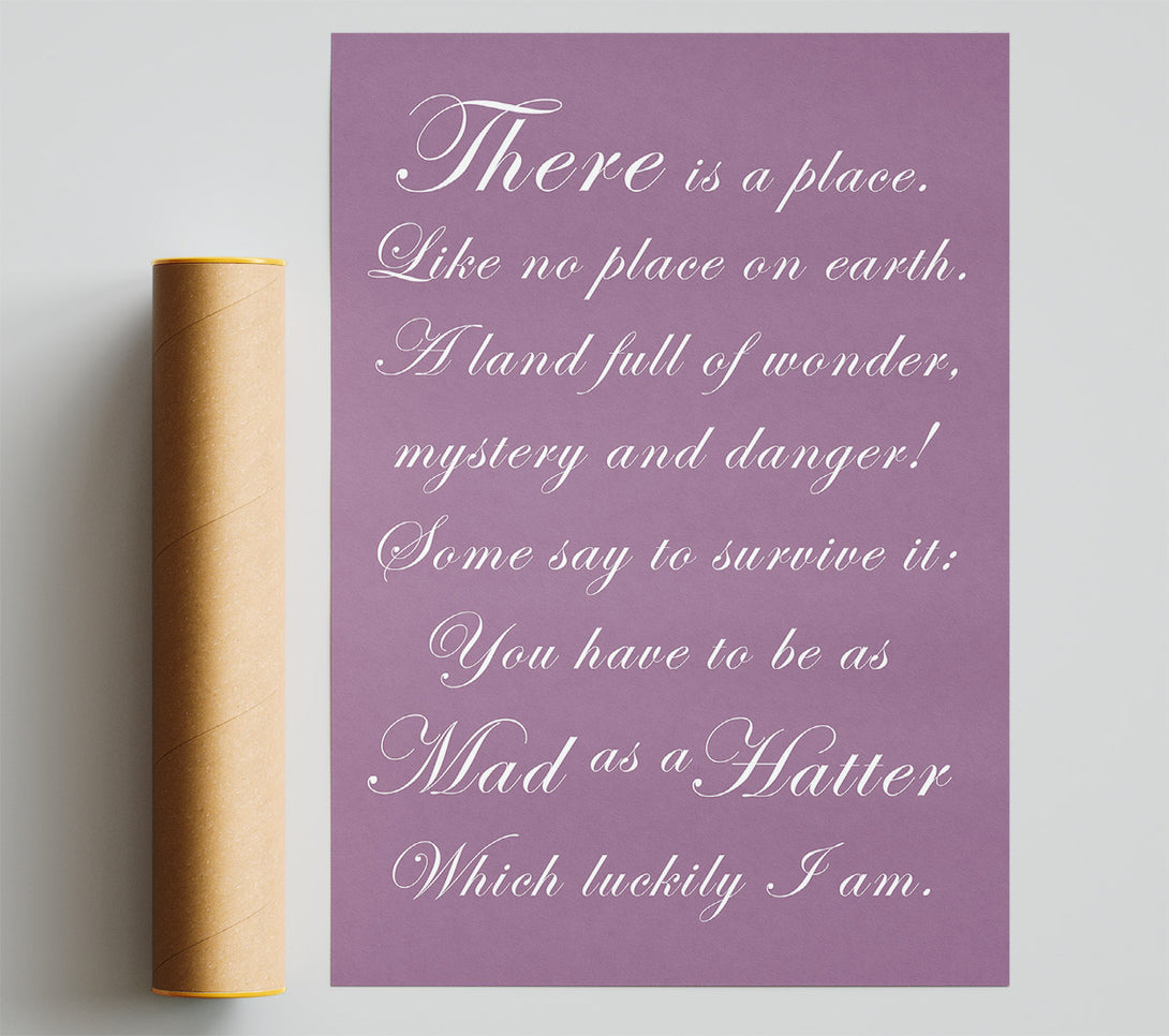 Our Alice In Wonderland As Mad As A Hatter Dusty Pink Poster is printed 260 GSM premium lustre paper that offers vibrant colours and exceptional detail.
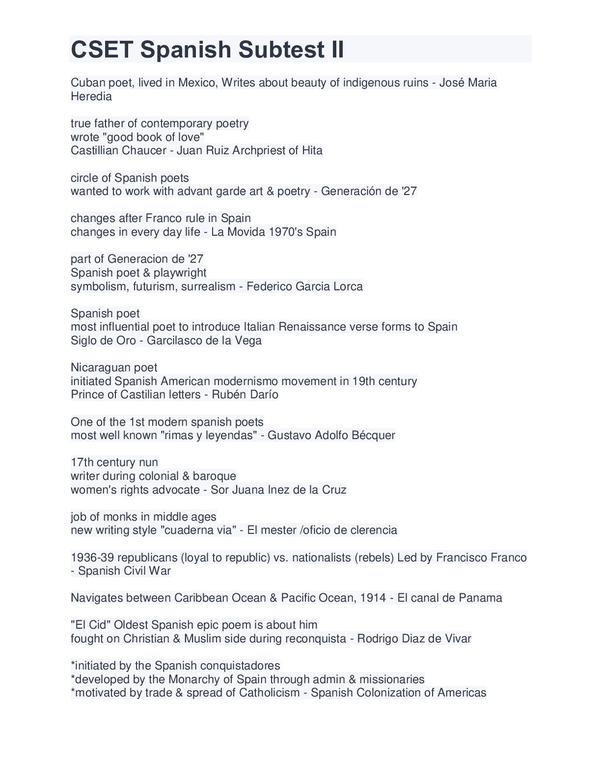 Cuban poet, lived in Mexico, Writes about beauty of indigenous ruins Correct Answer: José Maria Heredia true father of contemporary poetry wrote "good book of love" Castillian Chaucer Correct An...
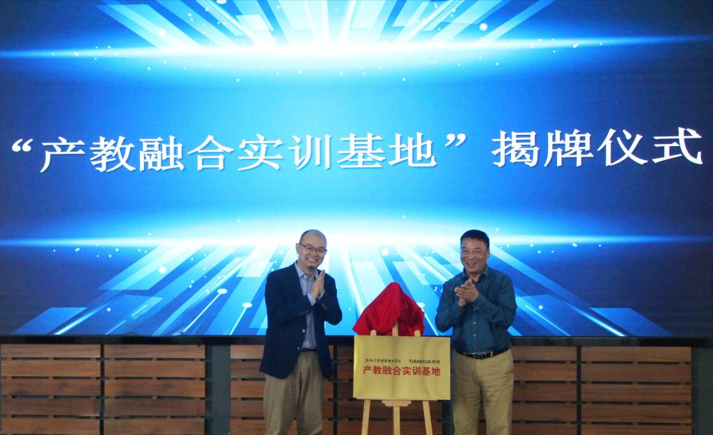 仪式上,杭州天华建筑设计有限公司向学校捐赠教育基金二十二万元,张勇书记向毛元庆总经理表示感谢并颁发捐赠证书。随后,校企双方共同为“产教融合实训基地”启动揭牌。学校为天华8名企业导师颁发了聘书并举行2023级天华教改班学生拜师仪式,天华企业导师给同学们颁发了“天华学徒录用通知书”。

...

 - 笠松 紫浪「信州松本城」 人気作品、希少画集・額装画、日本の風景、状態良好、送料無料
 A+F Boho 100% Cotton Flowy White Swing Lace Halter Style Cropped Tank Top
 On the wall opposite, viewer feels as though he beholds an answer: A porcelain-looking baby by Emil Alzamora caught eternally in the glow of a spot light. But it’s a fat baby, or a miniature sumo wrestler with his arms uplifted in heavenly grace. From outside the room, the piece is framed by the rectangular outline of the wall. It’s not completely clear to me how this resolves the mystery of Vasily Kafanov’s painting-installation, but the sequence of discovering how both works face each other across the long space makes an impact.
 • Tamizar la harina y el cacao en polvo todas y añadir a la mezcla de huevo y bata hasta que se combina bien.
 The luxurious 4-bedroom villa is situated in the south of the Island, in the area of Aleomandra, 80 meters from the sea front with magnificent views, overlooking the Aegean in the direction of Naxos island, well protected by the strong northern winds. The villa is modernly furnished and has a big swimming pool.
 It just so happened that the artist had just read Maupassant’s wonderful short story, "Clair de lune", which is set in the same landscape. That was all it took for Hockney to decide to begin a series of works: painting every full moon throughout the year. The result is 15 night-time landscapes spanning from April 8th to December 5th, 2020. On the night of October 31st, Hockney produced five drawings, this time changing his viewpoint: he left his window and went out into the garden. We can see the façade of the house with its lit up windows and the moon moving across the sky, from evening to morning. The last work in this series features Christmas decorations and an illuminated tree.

...

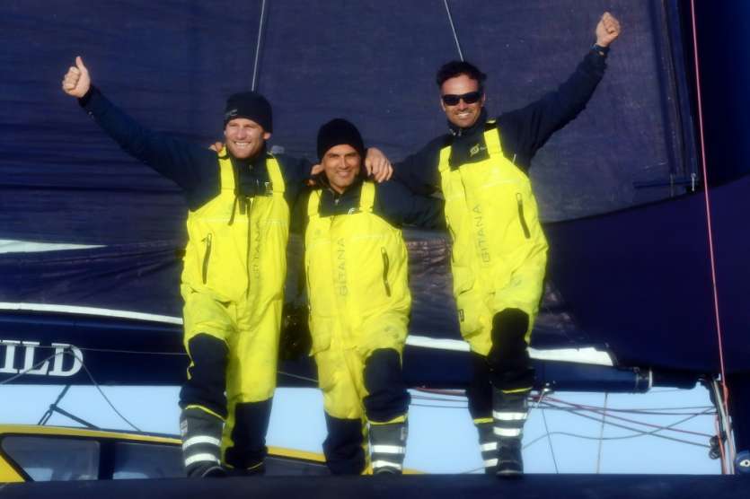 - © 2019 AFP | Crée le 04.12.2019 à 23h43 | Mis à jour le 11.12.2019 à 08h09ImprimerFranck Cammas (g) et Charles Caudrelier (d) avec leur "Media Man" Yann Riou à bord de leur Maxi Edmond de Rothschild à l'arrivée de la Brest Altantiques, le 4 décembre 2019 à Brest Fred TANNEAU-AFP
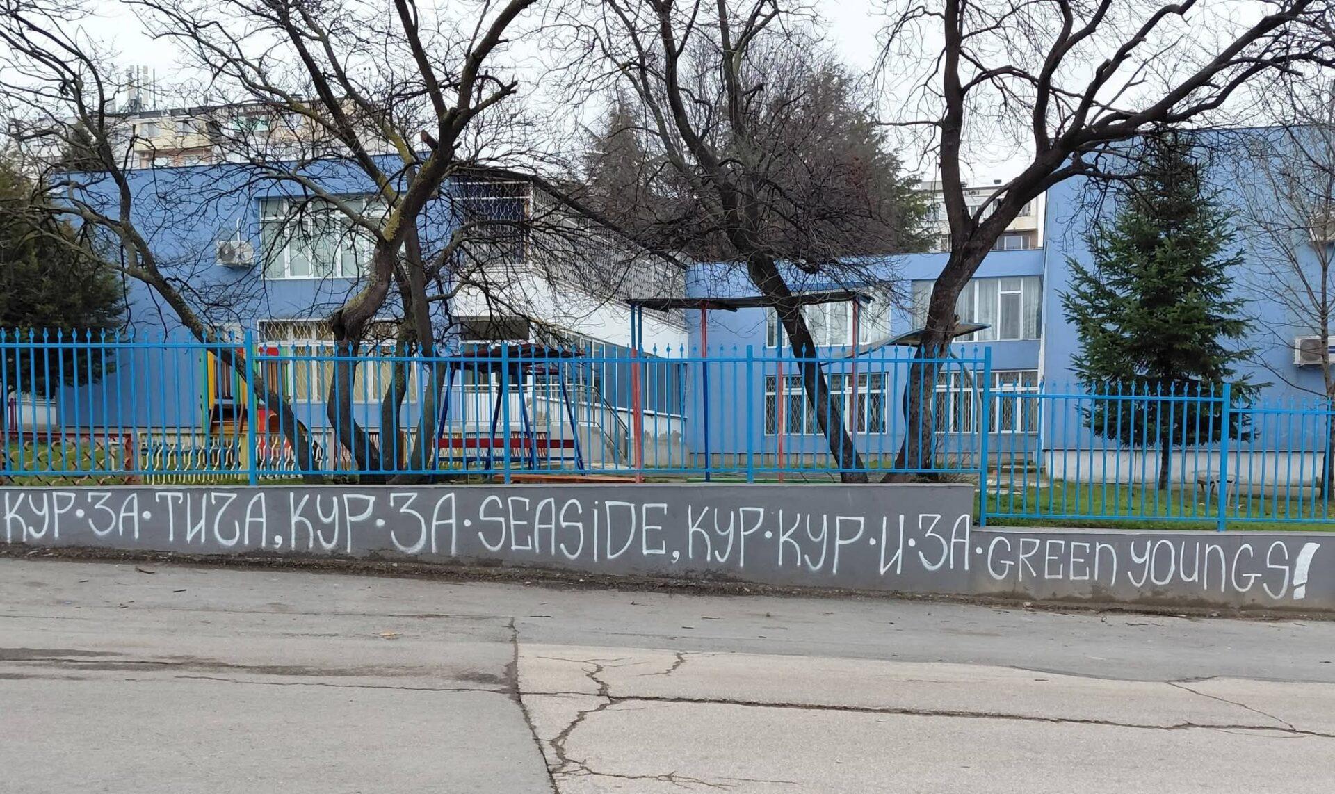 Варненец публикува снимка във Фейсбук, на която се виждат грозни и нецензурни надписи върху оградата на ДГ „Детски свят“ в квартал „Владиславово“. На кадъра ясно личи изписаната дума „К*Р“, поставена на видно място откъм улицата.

◆ What to produce
The lines to set down run from the line with "- © 2019 AFP" up to and including the line with "Варненец публикува снимка" in the entries above. Reproduce them exactly, with no pictures.

◆ Result of the task
 - © 2019 AFP | Crée le 04.12.2019 à 23h43 | Mis à jour le 11.12.2019 à 08h09ImprimerFranck Cammas (g) et Charles Caudrelier (d) avec leur "Media Man" Yann Riou à bord de leur Maxi Edmond de Rothschild à l'arrivée de la Brest Altantiques, le 4 décembre 2019 à Brest Fred TANNEAU-AFP
 Варненец публикува снимка във Фейсбук, на която се виждат грозни и нецензурни надписи върху оградата на ДГ „Детски свят“ в квартал „Владиславово“. На кадъра ясно личи изписаната дума „К*Р“, поставена на видно място откъм улицата.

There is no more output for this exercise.